• Data:
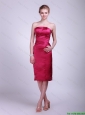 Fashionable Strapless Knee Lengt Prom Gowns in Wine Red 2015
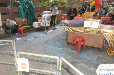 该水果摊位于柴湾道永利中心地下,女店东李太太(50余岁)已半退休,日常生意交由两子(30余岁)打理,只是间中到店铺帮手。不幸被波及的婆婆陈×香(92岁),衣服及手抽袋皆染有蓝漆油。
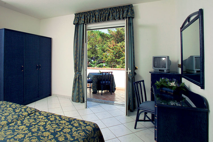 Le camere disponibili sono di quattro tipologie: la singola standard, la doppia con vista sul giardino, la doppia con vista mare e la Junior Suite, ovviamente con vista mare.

• Exercise objective:
Copy out the data above exactly, except the pictures.

• Response for this exercise:
 Fashionable Strapless Knee Lengt Prom Gowns in Wine Red 2015
 该水果摊位于柴湾道永利中心地下,女店东李太太(50余岁)已半退休,日常生意交由两子(30余岁)打理,只是间中到店铺帮手。不幸被波及的婆婆陈×香(92岁),衣服及手抽袋皆染有蓝漆油。
 Le camere disponibili sono di quattro tipologie: la singola standard, la doppia con vista sul giardino, la doppia con vista mare e la Junior Suite, ovviamente con vista mare.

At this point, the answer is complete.